─── Material for the task

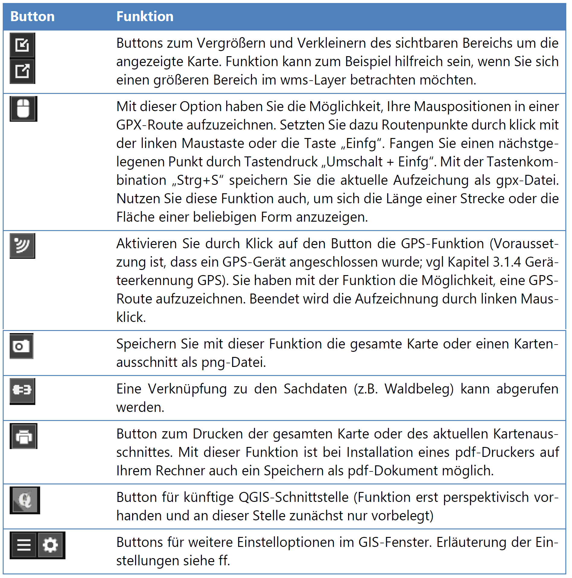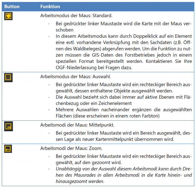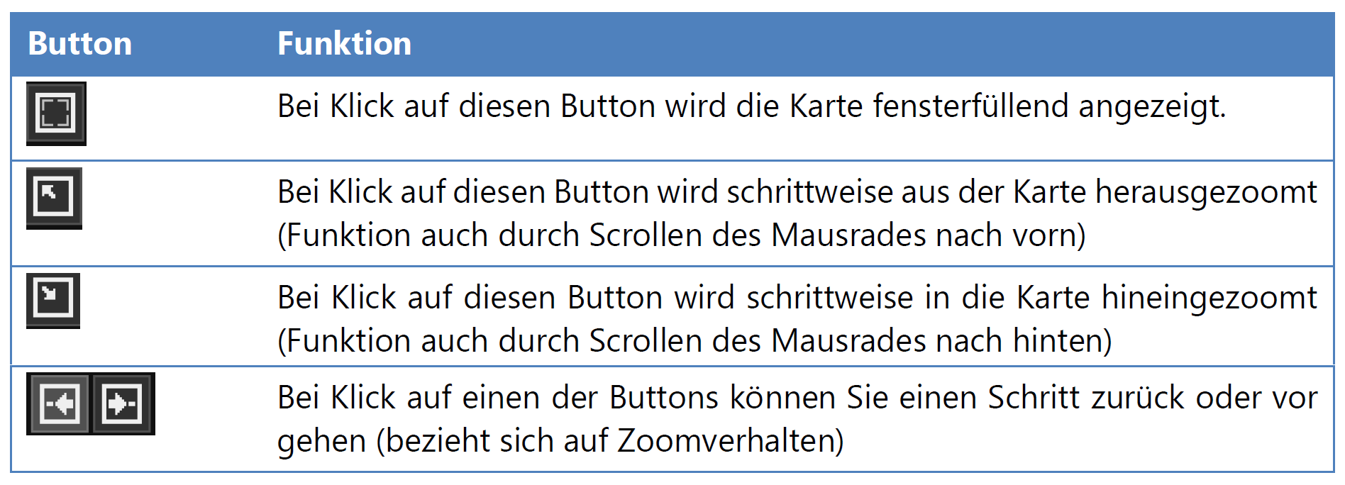 Die Befehlsleiste dient der Einstellung der Mausfunktion zur Arbeit mit der Karte im Visualisierungsfeld. Sie bildet dabei folgende Funktionalitäten ab:
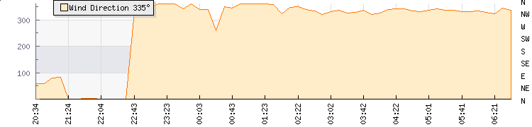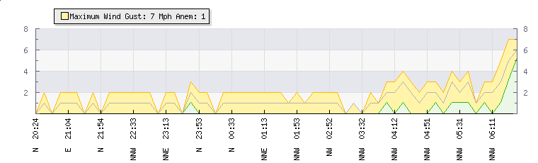 In the last few minutes the wind was North North East at an average speed of 1 mph, reaching up to 2 mph and a low of 0 mph. The gust strength is2 mph above the minimum speed |
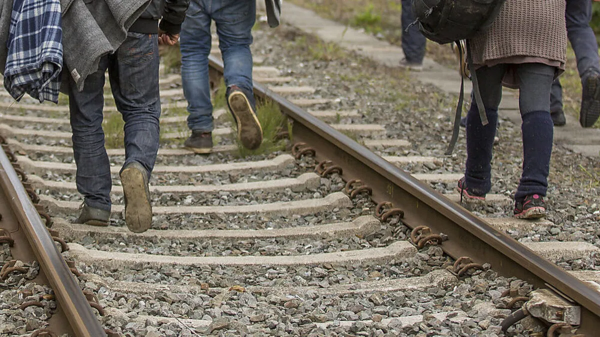 Flüchtlinge blockierten Bahnstrecke beim Flughafen Wien
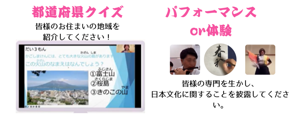 - 小学生と一緒にクイズ・パフォーマンス・地域紹介・体験レッスンを行います
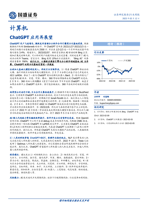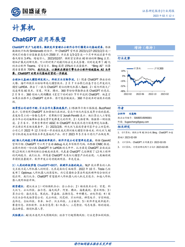 【国盛证券】【20230212】20230212-国盛证券-计算机行业周报:ChatGPT应用再展望-14页
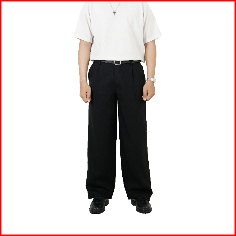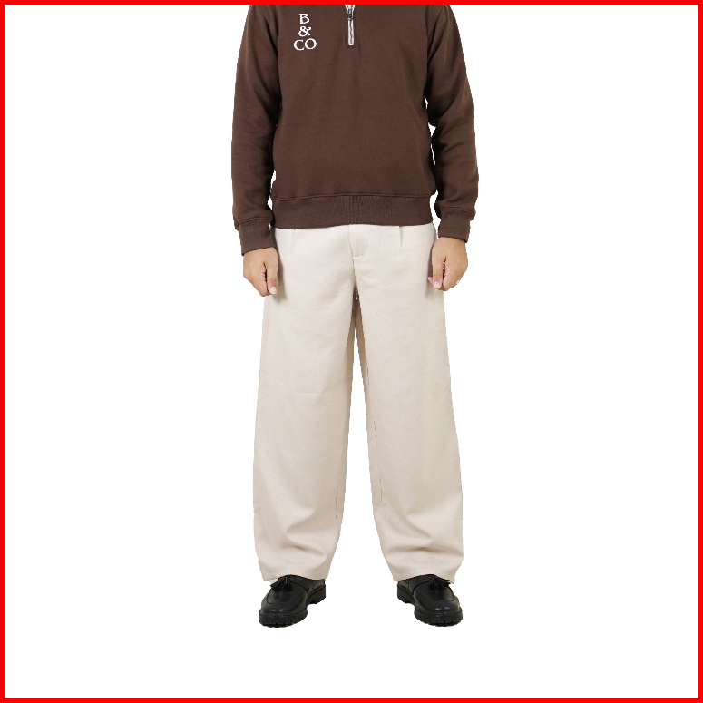 Jinsyou - Celana Trouser Wide Pants Pria Hitam Cream Coffe Loose Relaxed Pinggang Karet

──────

**Problem details**
Return only the line with "In the last" and the lines after it up to the end of the records, exact and free of pictures.

**Task answer**
 In the last few minutes the wind was North North East at an average speed of 1 mph, reaching up to 2 mph and a low of 0 mph. The gust strength is2 mph above the minimum speed |
 Flüchtlinge blockierten Bahnstrecke beim Flughafen Wien
 - 小学生と一緒にクイズ・パフォーマンス・地域紹介・体験レッスンを行います
 【国盛证券】【20230212】20230212-国盛证券-计算机行业周报:ChatGPT应用再展望-14页
 Jinsyou - Celana Trouser Wide Pants Pria Hitam Cream Coffe Loose Relaxed Pinggang Karet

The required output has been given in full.